> **Data supplied**
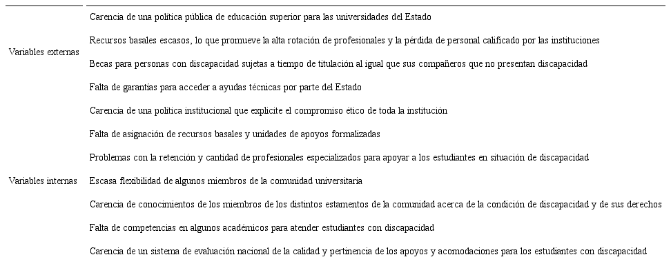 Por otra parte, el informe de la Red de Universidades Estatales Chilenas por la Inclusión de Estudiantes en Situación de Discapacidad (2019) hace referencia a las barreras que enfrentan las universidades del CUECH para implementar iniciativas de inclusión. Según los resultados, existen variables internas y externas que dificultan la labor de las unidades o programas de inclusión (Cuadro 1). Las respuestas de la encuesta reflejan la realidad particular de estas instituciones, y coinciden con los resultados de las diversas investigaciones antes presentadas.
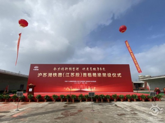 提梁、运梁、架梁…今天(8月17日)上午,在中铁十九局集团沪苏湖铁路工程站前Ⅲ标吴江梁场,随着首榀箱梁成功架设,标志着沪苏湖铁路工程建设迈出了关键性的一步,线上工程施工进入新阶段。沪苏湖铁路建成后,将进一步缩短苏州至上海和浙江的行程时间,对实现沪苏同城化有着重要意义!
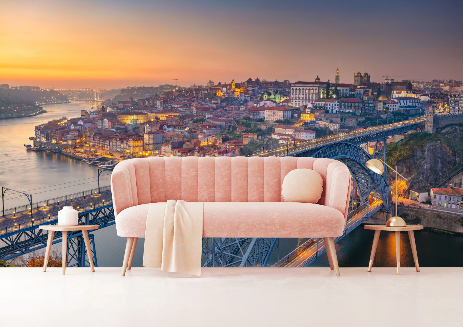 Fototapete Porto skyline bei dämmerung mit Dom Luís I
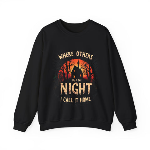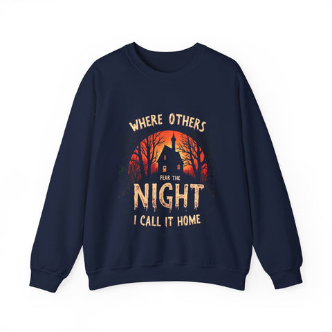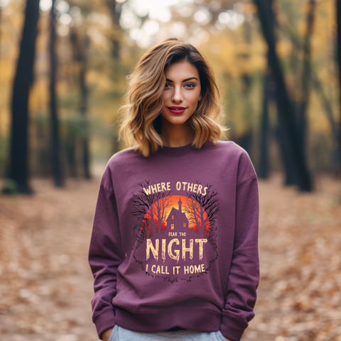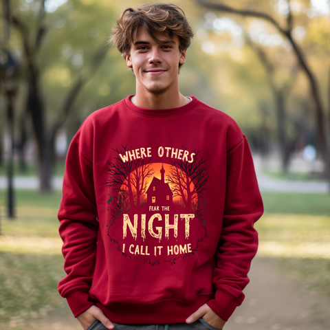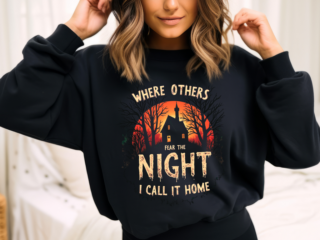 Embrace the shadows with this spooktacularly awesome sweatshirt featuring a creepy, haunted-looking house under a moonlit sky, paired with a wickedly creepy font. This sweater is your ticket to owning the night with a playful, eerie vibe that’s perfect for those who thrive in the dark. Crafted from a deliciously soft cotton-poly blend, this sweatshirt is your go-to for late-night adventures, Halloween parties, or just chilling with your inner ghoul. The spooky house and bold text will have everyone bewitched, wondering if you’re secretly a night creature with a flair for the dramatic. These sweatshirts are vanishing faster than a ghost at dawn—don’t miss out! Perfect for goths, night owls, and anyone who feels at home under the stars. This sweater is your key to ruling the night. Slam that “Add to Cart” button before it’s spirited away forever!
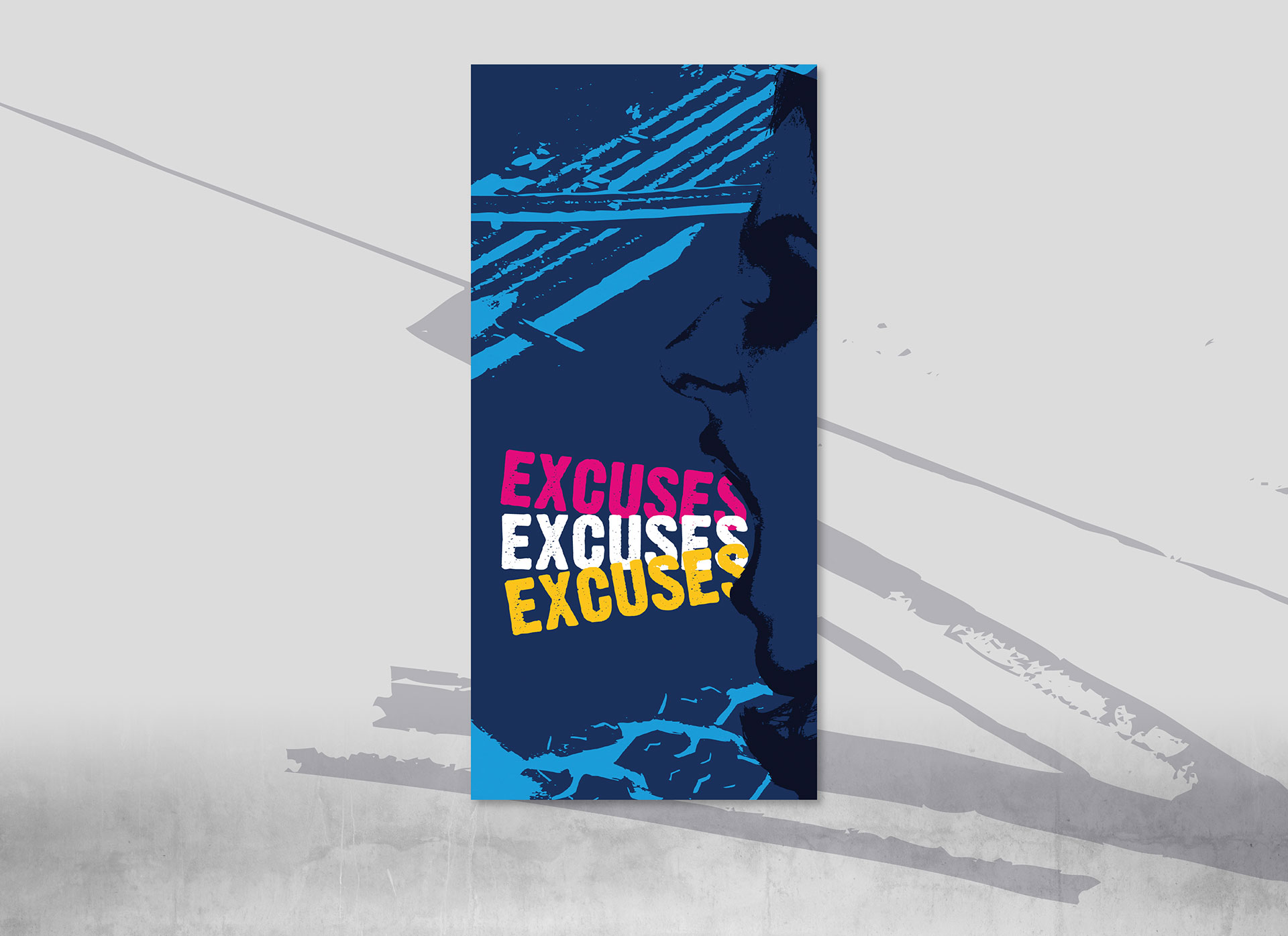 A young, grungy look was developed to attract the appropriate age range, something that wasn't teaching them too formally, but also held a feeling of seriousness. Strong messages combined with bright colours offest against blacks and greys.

> **What this task involves**
What is needed is an exact copy of the lines from the line with "Fototapete Porto skyline" to the end of the data above, both included, without any pictures.

> **Answer to this problem**
 Fototapete Porto skyline bei dämmerung mit Dom Luís I
 Embrace the shadows with this spooktacularly awesome sweatshirt featuring a creepy, haunted-looking house under a moonlit sky, paired with a wickedly creepy font. This sweater is your ticket to owning the night with a playful, eerie vibe that’s perfect for those who thrive in the dark. Crafted from a deliciously soft cotton-poly blend, this sweatshirt is your go-to for late-night adventures, Halloween parties, or just chilling with your inner ghoul. The spooky house and bold text will have everyone bewitched, wondering if you’re secretly a night creature with a flair for the dramatic. These sweatshirts are vanishing faster than a ghost at dawn—don’t miss out! Perfect for goths, night owls, and anyone who feels at home under the stars. This sweater is your key to ruling the night. Slam that “Add to Cart” button before it’s spirited away forever!
 A young, grungy look was developed to attract the appropriate age range, something that wasn't teaching them too formally, but also held a feeling of seriousness. Strong messages combined with bright colours offest against blacks and greys.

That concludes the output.